**The task:** The copy has to match the data exactly and leave out every picture.

[Entries taken from a collection]
===============
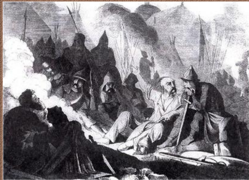
Б. А. Чориков. Военный совет Святослава.

С тяжелыми боями, отбиваясь от наседающего врага, отходили русские к Дунаю. Там, в городе Доростоле, последней русской крепости в Болгарии, отрезанное от родной земли, войско Святослава оказалось в осаде.
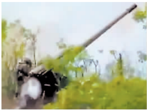
俄军打击乌方目标。

乌克兰媒体23日报道称,乌总统泽连斯基当天在其官方社交媒体上表示,将就俄军对敖德萨的袭击作出回应。乌克兰空军当天发布消息称,俄军当天凌晨从克里米亚和黑海使用19枚各型导弹袭击了敖德萨,乌克兰摧毁了其中9枚导弹。乌克兰独立新闻社报道称,泽连斯基23日在Telegram上称,“导弹针对和平城市、住宅楼和大教堂……俄罗斯的恶行没有任何借口,这种恶行将一如既往地失败。俄罗斯恐怖分子肯定会因(袭击)敖德萨遭到报复。”泽连斯基还称,“所有受最近一次恐怖袭击影响的民众都将得到帮助。我感谢所有帮助当地民众的那些人,以及在情感上心与敖德萨同在的人,我们会渡过难关的。我们将重返和平。为此,我们必须战胜俄罗斯的恶行”。
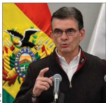
El presidente Rodrigo Paz.

Hoy se cumplen 22 días de la movilización que bloquea varias regiones
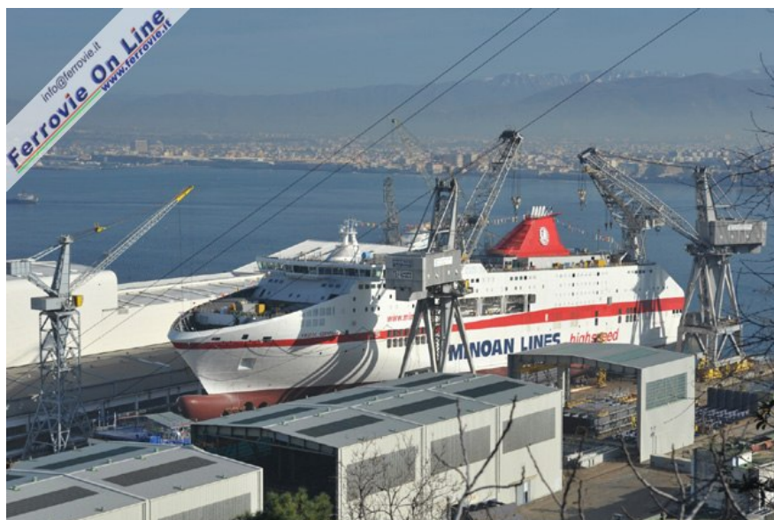
3 Il Cruise Roma di Grimaldi - Minoan Lines in Fincantieri. (14 marzo 2009)

Lunga 225 metri e larga 31 metri, con una stazza lorda di 54.310 tonnellate e una capacità di carico di 250 automobili e 3.000 metri lineari di autobus, camion, trailer, camper e roulotte, la Cruise Europa potrà ospitare fino a 3.000 passeggeri in 413 cabine, di cui 18 owner's Suite e 50 junior suite, oltre a 542 poltrone reclinabili. La nave potrà operare ad una velocità di 28 nodi.
===============
**Expected answer:**
Б. А. Чориков. Военный совет Святослава.

С тяжелыми боями, отбиваясь от наседающего врага, отходили русские к Дунаю. Там, в городе Доростоле, последней русской крепости в Болгарии, отрезанное от родной земли, войско Святослава оказалось в осаде.
俄军打击乌方目标。

乌克兰媒体23日报道称,乌总统泽连斯基当天在其官方社交媒体上表示,将就俄军对敖德萨的袭击作出回应。乌克兰空军当天发布消息称,俄军当天凌晨从克里米亚和黑海使用19枚各型导弹袭击了敖德萨,乌克兰摧毁了其中9枚导弹。乌克兰独立新闻社报道称,泽连斯基23日在Telegram上称,“导弹针对和平城市、住宅楼和大教堂……俄罗斯的恶行没有任何借口,这种恶行将一如既往地失败。俄罗斯恐怖分子肯定会因(袭击)敖德萨遭到报复。”泽连斯基还称,“所有受最近一次恐怖袭击影响的民众都将得到帮助。我感谢所有帮助当地民众的那些人,以及在情感上心与敖德萨同在的人,我们会渡过难关的。我们将重返和平。为此,我们必须战胜俄罗斯的恶行”。
El presidente Rodrigo Paz.

Hoy se cumplen 22 días de la movilización que bloquea varias regiones
3 Il Cruise Roma di Grimaldi - Minoan Lines in Fincantieri. (14 marzo 2009)

Lunga 225 metri e larga 31 metri, con una stazza lorda di 54.310 tonnellate e una capacità di carico di 250 automobili e 3.000 metri lineari di autobus, camion, trailer, camper e roulotte, la Cruise Europa potrà ospitare fino a 3.000 passeggeri in 413 cabine, di cui 18 owner's Suite e 50 junior suite, oltre a 542 poltrone reclinabili. La nave potrà operare ad una velocità di 28 nodi.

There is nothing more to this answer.